Falafel and hummus sit at 16 to 24 percent food cost. Chickpeas, tahini, and spices are pennies per serving, so every falafel wrap and hummus bowl you sell is close to pure margin. Chicken shawarma runs 24 to 28 percent. Beef and lamb gyro climb to 30 to 36 percent because the protein itself is expensive. Lamb kafta can push 38 percent. The lesson: price your lamb items to carry that cost, and merchandise the falafel and bowls hard, because those are what keep your blended number healthy.

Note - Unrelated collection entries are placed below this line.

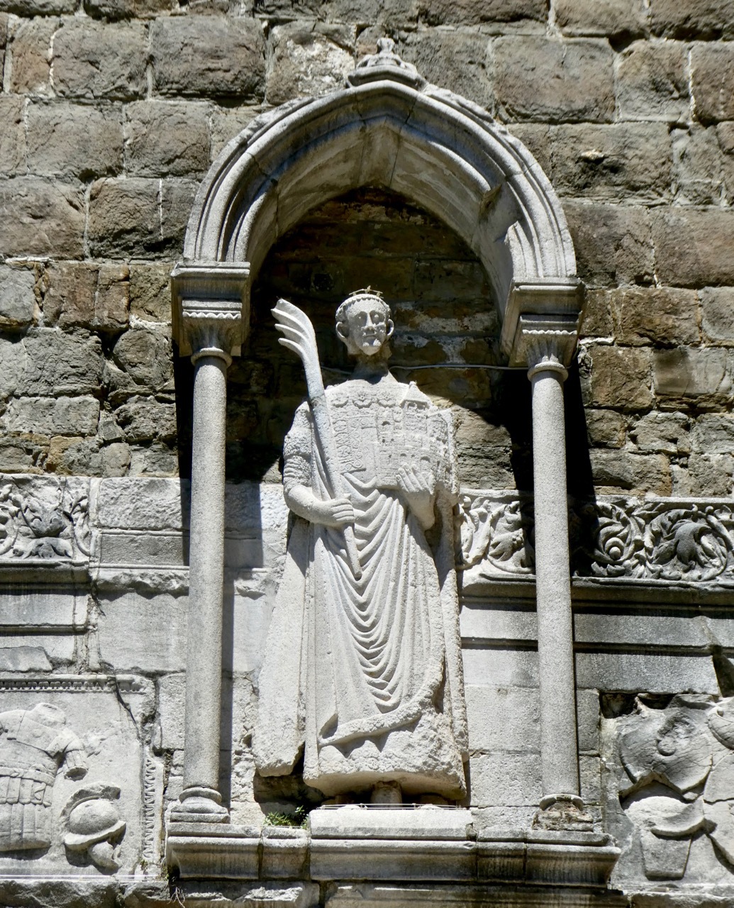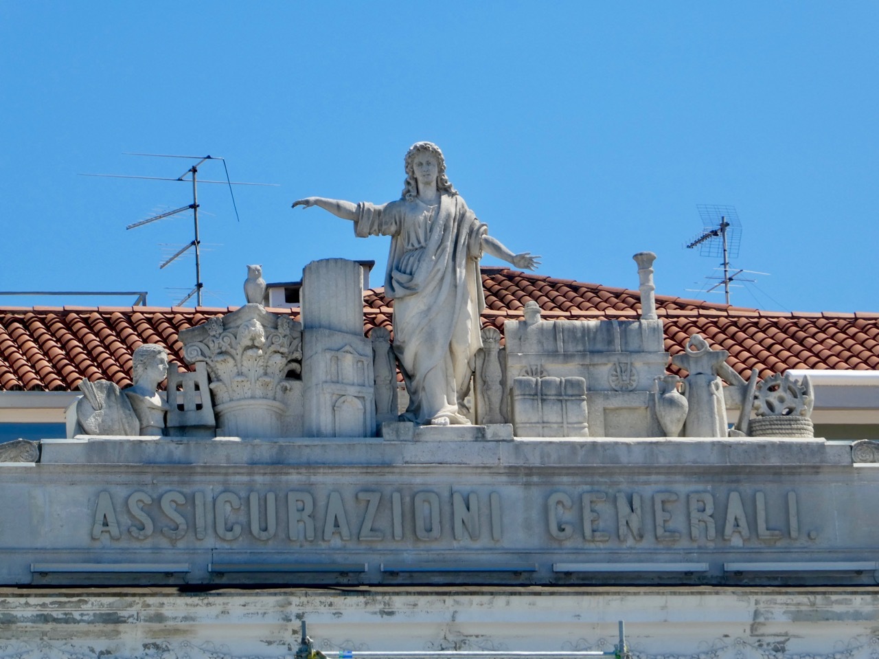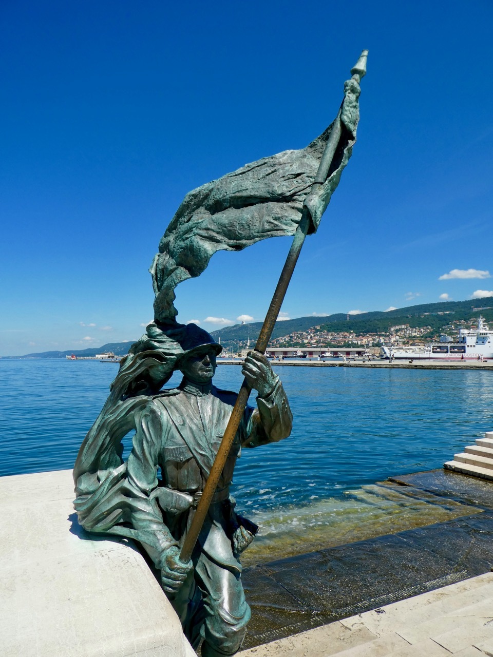 Trieste was awarded to Italy as a condition of Italy joining Allied forces during WWI. According to Bob, this bronze statue of soldier with a flag depicts Italy planting the flag in Trieste and claiming the city as her own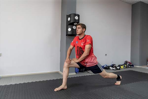 ALPARSLAN DİYARI- Erzurum'un Pasinler ilçesindeki sanayi sitesinde kaynakçılık yapan ve mesaisi sonrası 55 kilometre uzaklıktaki Aziziye ilçesinde akşam kick boks antrenmanına katılan 18 yaşındaki Emirhan Çalışır, milli formayı giyme azmiyle çalışmalarını sürdürüyor.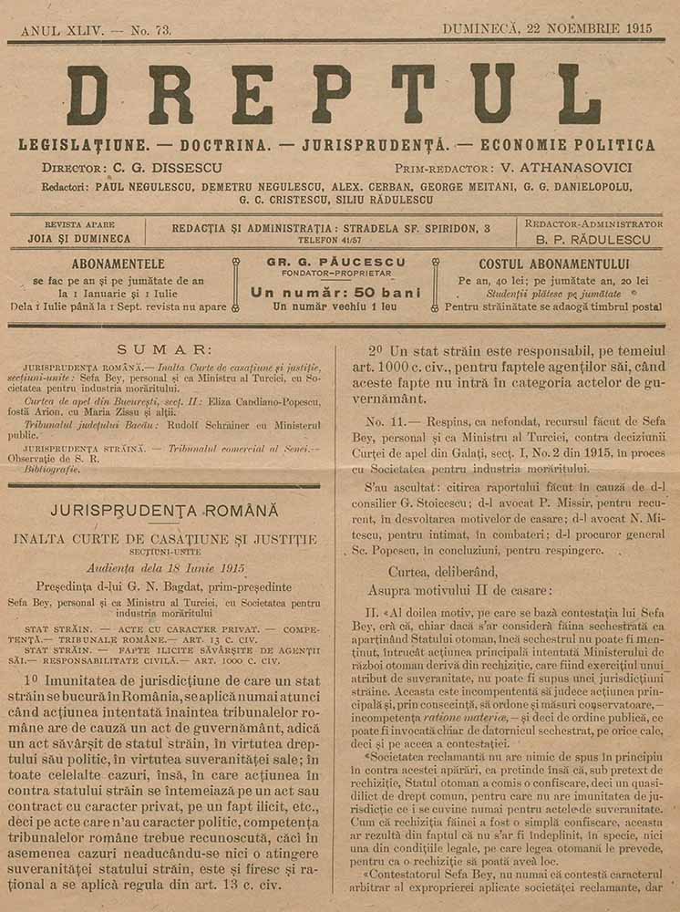 Dreptul, XLIV, nr. în TOM: 73, 22 noiembrie, 1915 Descarcă Citește × --> Anul publicației: 1915 Publicată de: Institutul de Istorie „Nicolae Iorga” București Contributori: Institutul de Istorie „Nicolae Iorga” București Tipul publicației: periodic Vezi publicația: Dreptul Domenii asociate: Drept, Științe juridice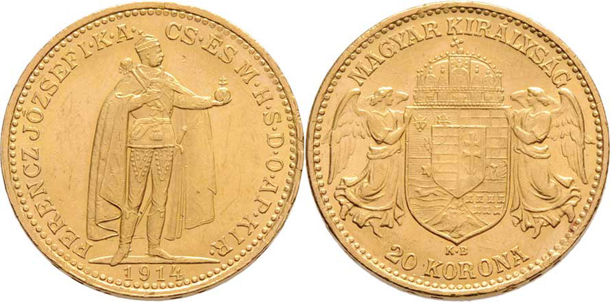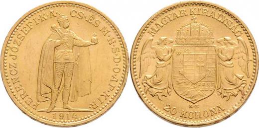 20 Koruna 1914 KB, 6.771g, dr.hr., dr.rysky, téměř

When I priced my first bowls, I set them by gut feel at what felt fair, and I was running a lamb bowl at close to 40 percent food cost without knowing it. The fix was simple once I saw it: raise the lamb items a dollar or two, add a premium-protein bowl at $15 to $18, and lean the specials board on falafel. Same customers, same window, and my blended food cost dropped back into the mid-twenties inside two weeks.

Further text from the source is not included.